Note that the "vector" referenced like this is not the well defined "angular momentum vector" of the whole spinning body. That vector is given by the "right-handed rule," whereby if you curl the fingers of your right hand in the direction of the rotation, you thumb points in the direction of the angular momentum vector.

This is another unique attribute of rotations and is reponsible for some bizarre properties of rotation, such as that a force applied against the vector results in motion that is displaced 90 degrees. This is what happens with gyroscopes and, consequently, something as humble as bicycle wheels. A moving bicycle will not fall over because the force of gravity applied against the wheel is displaced away from the vertical.

As a child learning to ride a bicycle, my father did not think, or know, to tell me that my moving bicycle could not fall over if I steered a steady course. I did not understand what was happening until learning physics years later.

Instead, the reference to the "vector" above is to the ordinary vector associated with the inertia of any parts of a rotating body. As the body spins, this vector is continually changing direction.

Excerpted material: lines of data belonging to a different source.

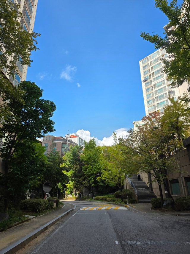 걸음을 옮길수록 햇살이 아스팔트 위에서 반짝였고, 초록과 노랑이 어우러진 나무들이 “아직 가을은 진행 중이야”라고 속삭이는 듯했습니다. 요즘 SNS에서 ‘가을감성 필터’가 인기라는데, 오늘의 하늘은 그 어떤 필터보다 진짜였어요.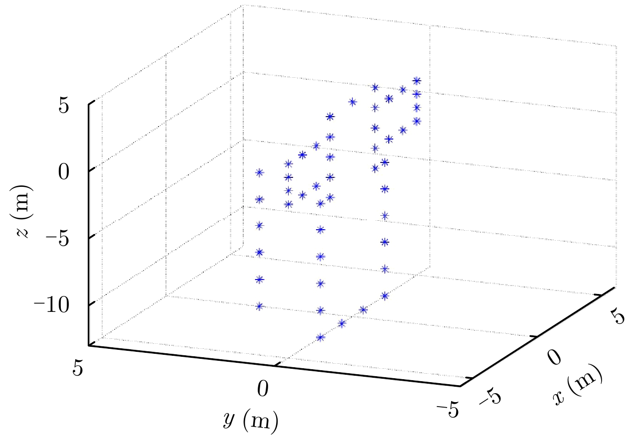 为进一步验证所提出算法的稳定性,此部分用“天宫一号”卫星模型按照上述算法流程进行InISAR成像仿真实验。具体目标结构以及仿真模型如图16和图17所示。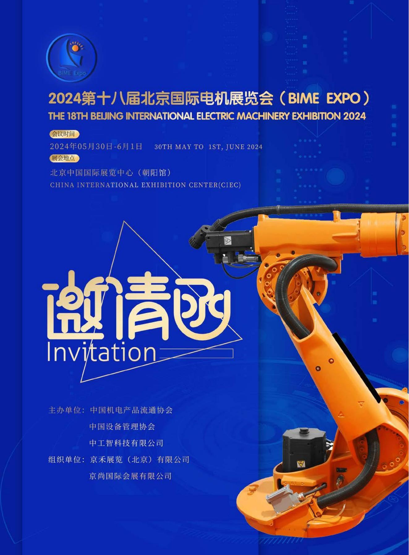 2024第十八届北京国际电机展览会(BIMEExpo) The 18th Beijing International Electric Machinery Exhibition 2024 时 间:2024年05月30日-6月1日 地 点:北京中国国际展览中心(朝阳馆) Venue: China International Exhibiti...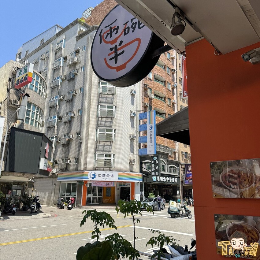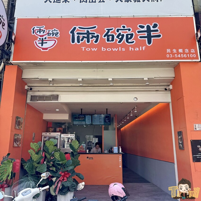 倆碗半位於民生路上,中華電信對面,橘色招牌挺吸睛的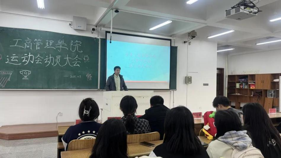 为激发学生参与热情,营造积极向上的体育氛围,4 月 9 日下午,乐竞体育工商管 理学院在明德楼 D308 召开校运会动员大会。学院党委副书记汪若水、2024 级辅导员王晨宇 及学生代表出席会议,共同为即将到来的校运会加油鼓劲,倡导以拼搏精神书写青春篇章。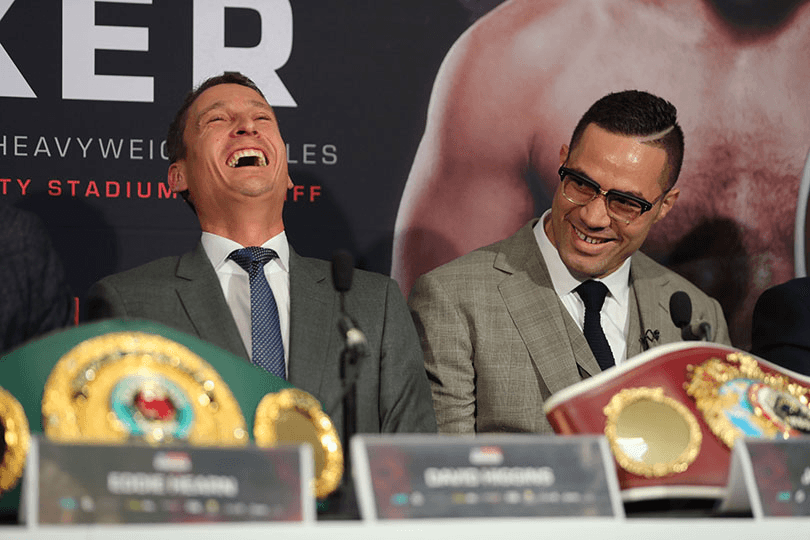 “I don’t know about all that,” interjected Joshua’s promoter Eddie Hearn, “But if your leg doesn’t stop shaking I’ll have to move.”

If we reduce space to two dimensions, a rotating body in space-time will describe a spiral in the temporal dimension. Our graphs here are space in one dimension, so that we see rotation describing a waving line in space-time.

This periodicity should remind us of the mathematics of periodicity, which involves imaginary numbers. The value of imaginary numbers is evident in this circumstance alone. The strangeness of imaginary numbers matches, no less, the strangeness we see in rotation as an acceleration that enjoys interial momentum, which means that the weight induced by spin requires no expenditure of energy.